No thanks. In 2026 I want HA and replication out of the box without the insanity.

eikenberry 6 hours ago | parent | next [-]

Came to say the same thing. Personally I'd only touch Postgres in a couple cases.

1. Downtime doesn't matter. 2. Paying someone else (eg. AWS) to manage redundancy and fail-over.

It just feels crazy to me that Postgres still doesn't have a native HA story since I last battled with this well over a decade ago.

groundzeros2015 6 hours ago | parent | prev | next [-]

You exceeded the step of maxing out the best server you can buy?

throwaway7783 6 hours ago | parent [-]

HA is not about exceeding the limits of a server. Its about still serving traffic when that best server I bought goes offline (or has failed memory chip, or a disk or... ).

groundzeros2015 6 hours ago | parent [-]

Replication?

lima 5 hours ago | parent [-]

Postgres replication, even in synchronous mode, does not maintain its consistency guarantees during network partitions. It's not a CP system - I don't think it would actually pass a Jepsen test suite in a multi-node setup[1]. No amount of tooling can fix this without a consensus mechanism for transactions.

Same with MySQL and many other "traditional" databases.
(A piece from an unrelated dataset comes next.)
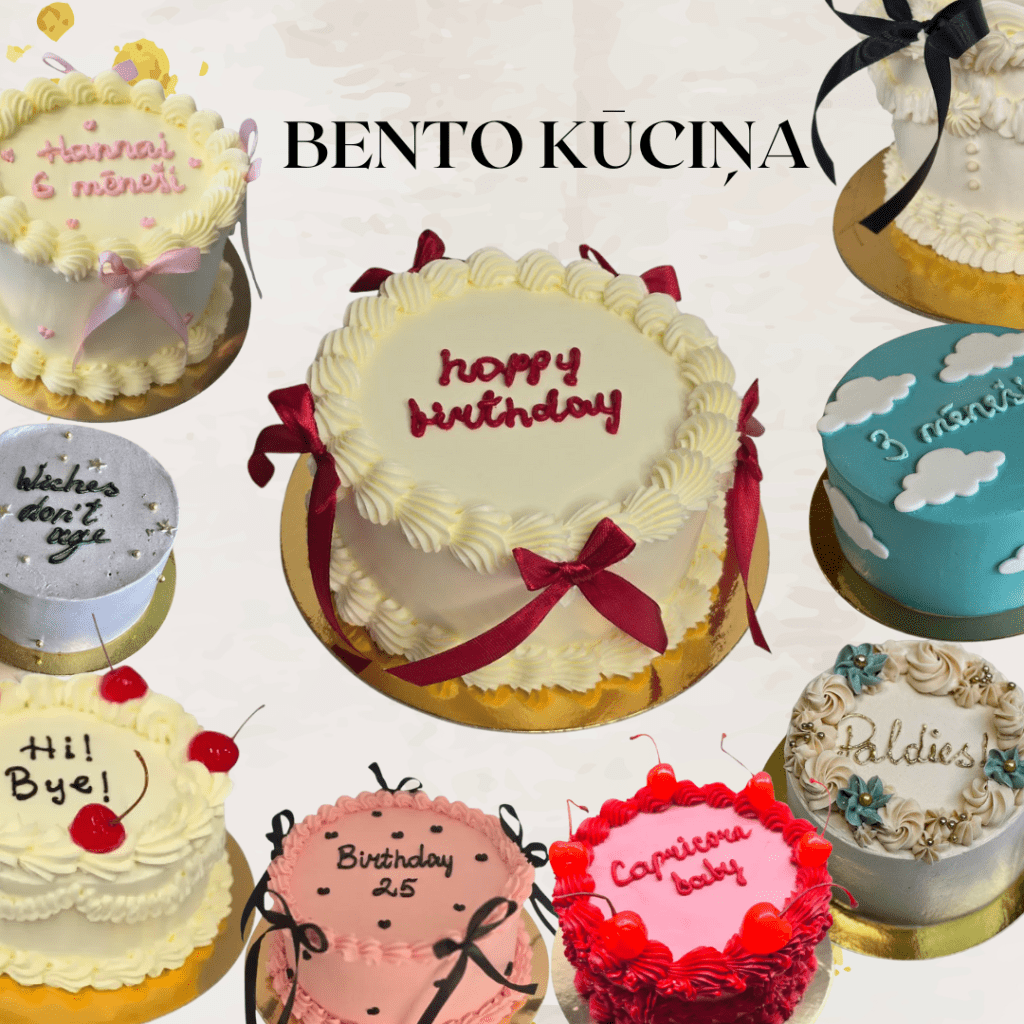 Mini Bento (1-2 personām). Diametrs 9cm, svars aptuveni 300grami. Pieejamās garšas: sarkanā velveta, šokolādes, maigā aveņu kūka vai šokolādes kūka ar marakuju. Cena 18€, iespējams uzrakstīt ne vairāk kā 2 vārdus

It tends to work out because these failures are rare and you can get pretty close with external leader election and fencing, but Postgres is NOT easy (likely impossible) to operate as a CP system according to the CAP theorem.

There are various attempts at fixing this (Yugabyte, Neon, Cockroach, TiDB, ...) which all come with various downsides.

[1]: Someone tried it with Patroni and failed miserably, https://www.binwang.me/2024-12-02-PostgreSQL-High-Availabili...

nrvn 7 hours ago | parent | prev [-]

Exactly my thoughts immediately after reading the word “just”. Also, PITR.